Andai Raja Taiji tahu bahwa dalam beberapa belas tahun kemudian, kekuasaannya hampir jatuh ke tangan Dorgon dan Dodo, dua bersaudara, entah apa yang akan ia rasakan. Namun, aku tahu Dodo akan segera meraih puncak kejayaan hidupnya setelah Raja Taiji wafat, menjadi Paman Bupati yang berkuasa. Dorgon dan Dodo membawa Dinasti Qing menaklukkan seluruh wilayah Tiongkok.

Perutku semakin membesar, saat mengganti pakaian tipis aku baru menyadari bahwa aku tak lagi bisa memakai mantel kapas tahun lalu. Aku melihat Cui Ma masuk dari luar, kedua tangannya menghangatkan napas, di tangannya ada mantel kapas yang baru dibuat. “Coba pakai, Nyonya. Aku buat longgar, bisa dipakai sampai melahirkan.” Aku dengan malas duduk, perutku yang besar membuat pakaian cepat terasa sempit, salah sendiri dulu selalu suka pakaian ramping. Beberapa pelayan membantu aku mengenakan mantel, dada yang dulu kubanggakan kini tertutup rapat oleh pakaian. Memasuki bulan Oktober, Shengjing sudah sangat dingin, aku yang mudah kedinginan sudah lama tidak keluar rumah, hanya mendekati pintu dan melihat ke luar, lalu kembali dengan leher tertunduk.

“Pemimpin pasukan kiri, Sartai, anak buah Pangeran, aku pernah menanyakan lewat Xiao Dengzi, katanya istrinya meninggal karena sakit dan belum menikah lagi sampai sekarang. Nana, maksudku ingin menjodohkanmu dengannya, agar kelak kau punya sandaran.” Aku tanpa sengaja menarik tangan Aruna dan berkata pelan.

“Putri.” Aruna terharu karena aku masih memikirkan urusan pernikahannya, gadis remaja mana yang tidak ingin menikah, siapa yang tidak berharap tuan mereka memilihkan jodoh yang baik. “Putri, kurang dari sebulan lagi anda akan melahirkan, sebaiknya anda lebih memikirkan kesehatan sendiri, aku hanya ingin melayani Putri.”

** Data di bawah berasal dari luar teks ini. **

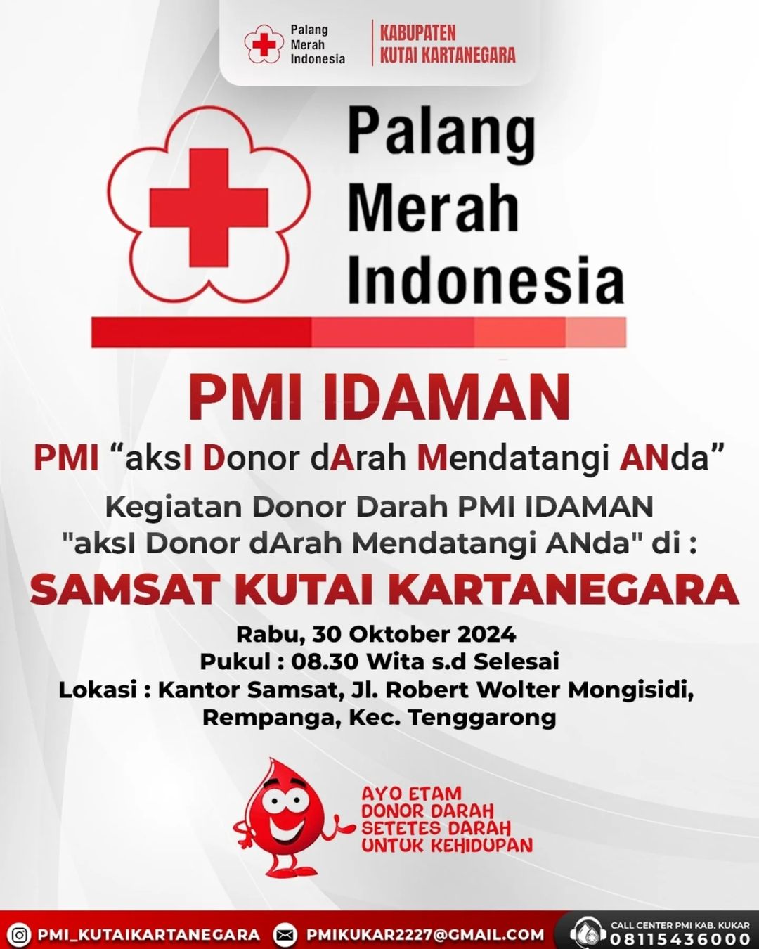 Kegiatan Donor Darah PMI IDAMAN “aksl Donor dArah Mendatangi ANda” SAMSAT KUTAI KARTANEGARA

Aruna yang sejak kecil selalu bersamaku, aku termangu menatapnya. Aku tak pernah meragukan atau memperlakukan dia dengan keras, dia sangat perhatian dan setia padaku. Aku tersenyum, “Kau adalah pelayan pribadiku, sekaligus saudaraku.” Sambil berkata, aku menggenggam tangan Aruna. “Selama aku mampu, aku akan menikahkanmu dengan penuh kehormatan.” Itu sungguh dari hati, aku tak ingin mereka hidup sendiri hingga tua. Aku menoleh ke beberapa pelayan wanita yang tampak malu-malu dan penuh harapan, “Kalian juga jangan iri, kalian semua akan aku carikan pasangan satu per satu dan menikahkan.”

Baru saja selesai bicara, Chun Xiang menggoda dengan nada tak terlalu senang, “Bagaimana kalau aku menikah tapi tidak bahagia, bolehkah aku menikah lagi?” Aku mengangkat cangkir teh dengan jijik, perlahan meminumnya dan menanggapi, “Jika kau sudah punya calon baru, boleh menikah lagi.” “Kalau begitu, bolehkah aku memilih sendiri calon suamiku?” Chun Xiang tersenyum riang bertanya.

“Selama bukan Pangeran, terserah kemampuanmu, jika kau sudah menentukan, aku akan membantumu.” Cui Ma tersenyum, bercanda. Sambil membantu aku berdiri, “Baru saja pengurus utama mengirim kabar, Pangeran sudah kembali ke rumah, mungkin sebentar lagi akan sampai di halaman.”

Aku bangkit dengan bantuan Cui Ma, perutku begitu berat sampai harus menahan dengan tangan agar terasa lebih ringan, kaki kecilku menopang tubuh dengan perut besar. Aku berjalan keluar, menghadapi angin dingin, aroma bunga plum memenuhi udara, segar dan bersih membuatku ingin menghirupnya lebih lama, tanpa polusi dan gangguan. Meski udara di sini dingin, sangat bersih dan lembab, jerawat remaja Urin Zoya yang dulu aku rawat tidak pernah muncul lagi, kulitnya halus seperti telur yang baru dikupas. Saat masih melamun, aku melihat Dodo mengenakan jubah pagi berwarna biru batu, kalung manik-manik di lehernya berderai mengikuti langkahnya, pakaian lama membuatnya terlihat lebih matang. Aku bersikeras tidak membiarkan ia memelihara kumis, suaranya yang muda namun penampilannya seperti orang setengah baya.